• _About this exercise_
Please copy the lines below, exactly as they are, from the one with "1)投影機(jī)、高清藍(lán)光播" through the one with "9.6、數(shù)據(jù", and leave out the pictures.

• _Source data_
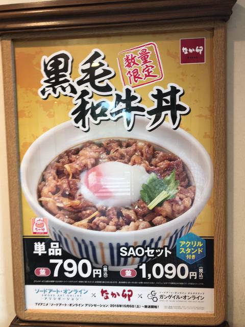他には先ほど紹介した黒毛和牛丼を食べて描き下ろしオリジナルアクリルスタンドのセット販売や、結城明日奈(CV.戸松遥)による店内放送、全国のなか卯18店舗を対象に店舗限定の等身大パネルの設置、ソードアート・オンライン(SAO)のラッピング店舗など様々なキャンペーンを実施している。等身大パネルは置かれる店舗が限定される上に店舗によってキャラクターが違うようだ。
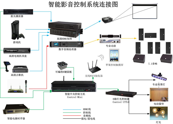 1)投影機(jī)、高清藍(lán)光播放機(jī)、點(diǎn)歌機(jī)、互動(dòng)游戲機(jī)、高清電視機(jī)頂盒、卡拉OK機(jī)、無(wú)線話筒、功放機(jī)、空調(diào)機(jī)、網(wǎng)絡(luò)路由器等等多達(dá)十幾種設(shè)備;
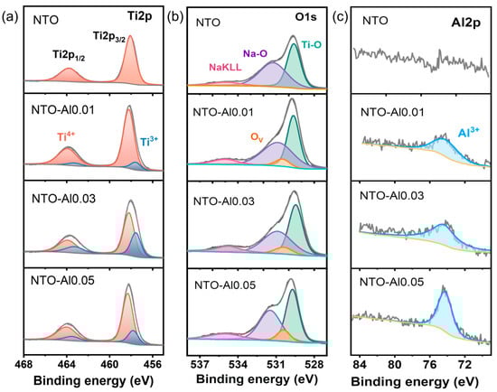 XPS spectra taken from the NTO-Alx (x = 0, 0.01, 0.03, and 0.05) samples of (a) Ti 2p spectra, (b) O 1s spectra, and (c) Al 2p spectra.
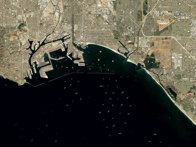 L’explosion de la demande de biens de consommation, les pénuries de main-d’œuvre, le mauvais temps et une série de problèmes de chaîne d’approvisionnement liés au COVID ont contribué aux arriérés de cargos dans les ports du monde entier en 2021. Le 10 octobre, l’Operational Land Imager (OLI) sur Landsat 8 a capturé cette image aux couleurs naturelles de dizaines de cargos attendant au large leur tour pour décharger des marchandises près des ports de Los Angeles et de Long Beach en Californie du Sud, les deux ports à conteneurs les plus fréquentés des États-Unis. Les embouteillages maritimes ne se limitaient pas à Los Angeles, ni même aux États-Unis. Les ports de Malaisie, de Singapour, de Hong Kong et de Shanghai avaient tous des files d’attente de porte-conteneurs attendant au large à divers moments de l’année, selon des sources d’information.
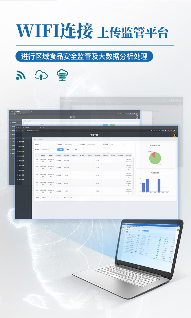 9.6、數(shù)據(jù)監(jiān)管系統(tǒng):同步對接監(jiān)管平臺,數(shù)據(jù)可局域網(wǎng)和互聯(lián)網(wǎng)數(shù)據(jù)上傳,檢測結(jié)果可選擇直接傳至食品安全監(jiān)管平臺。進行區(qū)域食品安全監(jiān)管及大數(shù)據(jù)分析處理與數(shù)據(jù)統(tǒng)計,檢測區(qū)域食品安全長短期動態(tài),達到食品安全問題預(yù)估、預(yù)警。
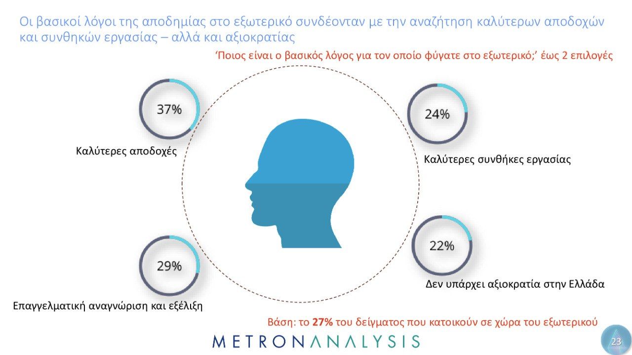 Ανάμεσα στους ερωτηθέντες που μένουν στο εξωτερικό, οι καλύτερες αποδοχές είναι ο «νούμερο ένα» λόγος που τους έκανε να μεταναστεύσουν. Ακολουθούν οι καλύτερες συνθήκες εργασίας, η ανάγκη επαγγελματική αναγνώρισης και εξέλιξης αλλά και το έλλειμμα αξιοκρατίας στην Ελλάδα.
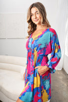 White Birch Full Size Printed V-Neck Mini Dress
* * *
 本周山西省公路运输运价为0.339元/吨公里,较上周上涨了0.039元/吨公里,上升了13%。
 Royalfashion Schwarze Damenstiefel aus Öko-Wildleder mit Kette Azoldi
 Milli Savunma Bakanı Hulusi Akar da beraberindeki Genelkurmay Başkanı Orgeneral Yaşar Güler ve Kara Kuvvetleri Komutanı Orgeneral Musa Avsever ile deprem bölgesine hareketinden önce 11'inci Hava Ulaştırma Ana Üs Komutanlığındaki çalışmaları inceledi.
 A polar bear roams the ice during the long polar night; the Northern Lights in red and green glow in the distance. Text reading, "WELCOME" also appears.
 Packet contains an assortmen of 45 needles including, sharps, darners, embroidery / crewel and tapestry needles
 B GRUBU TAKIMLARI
...
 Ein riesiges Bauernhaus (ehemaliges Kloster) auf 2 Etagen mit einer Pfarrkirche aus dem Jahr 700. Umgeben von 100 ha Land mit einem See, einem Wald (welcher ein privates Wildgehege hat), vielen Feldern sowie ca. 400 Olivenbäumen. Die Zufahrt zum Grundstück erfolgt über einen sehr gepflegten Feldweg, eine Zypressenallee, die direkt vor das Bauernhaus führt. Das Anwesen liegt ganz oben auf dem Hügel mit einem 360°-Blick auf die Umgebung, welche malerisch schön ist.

• _Completed task_
 1)投影機(jī)、高清藍(lán)光播放機(jī)、點(diǎn)歌機(jī)、互動(dòng)游戲機(jī)、高清電視機(jī)頂盒、卡拉OK機(jī)、無(wú)線話筒、功放機(jī)、空調(diào)機(jī)、網(wǎng)絡(luò)路由器等等多達(dá)十幾種設(shè)備;
 XPS spectra taken from the NTO-Alx (x = 0, 0.01, 0.03, and 0.05) samples of (a) Ti 2p spectra, (b) O 1s spectra, and (c) Al 2p spectra.
 L’explosion de la demande de biens de consommation, les pénuries de main-d’œuvre, le mauvais temps et une série de problèmes de chaîne d’approvisionnement liés au COVID ont contribué aux arriérés de cargos dans les ports du monde entier en 2021. Le 10 octobre, l’Operational Land Imager (OLI) sur Landsat 8 a capturé cette image aux couleurs naturelles de dizaines de cargos attendant au large leur tour pour décharger des marchandises près des ports de Los Angeles et de Long Beach en Californie du Sud, les deux ports à conteneurs les plus fréquentés des États-Unis. Les embouteillages maritimes ne se limitaient pas à Los Angeles, ni même aux États-Unis. Les ports de Malaisie, de Singapour, de Hong Kong et de Shanghai avaient tous des files d’attente de porte-conteneurs attendant au large à divers moments de l’année, selon des sources d’information.
 9.6、數(shù)據(jù)監(jiān)管系統(tǒng):同步對接監(jiān)管平臺,數(shù)據(jù)可局域網(wǎng)和互聯(lián)網(wǎng)數(shù)據(jù)上傳,檢測結(jié)果可選擇直接傳至食品安全監(jiān)管平臺。進行區(qū)域食品安全監(jiān)管及大數(shù)據(jù)分析處理與數(shù)據(jù)統(tǒng)計,檢測區(qū)域食品安全長短期動態(tài),達到食品安全問題預(yù)估、預(yù)警。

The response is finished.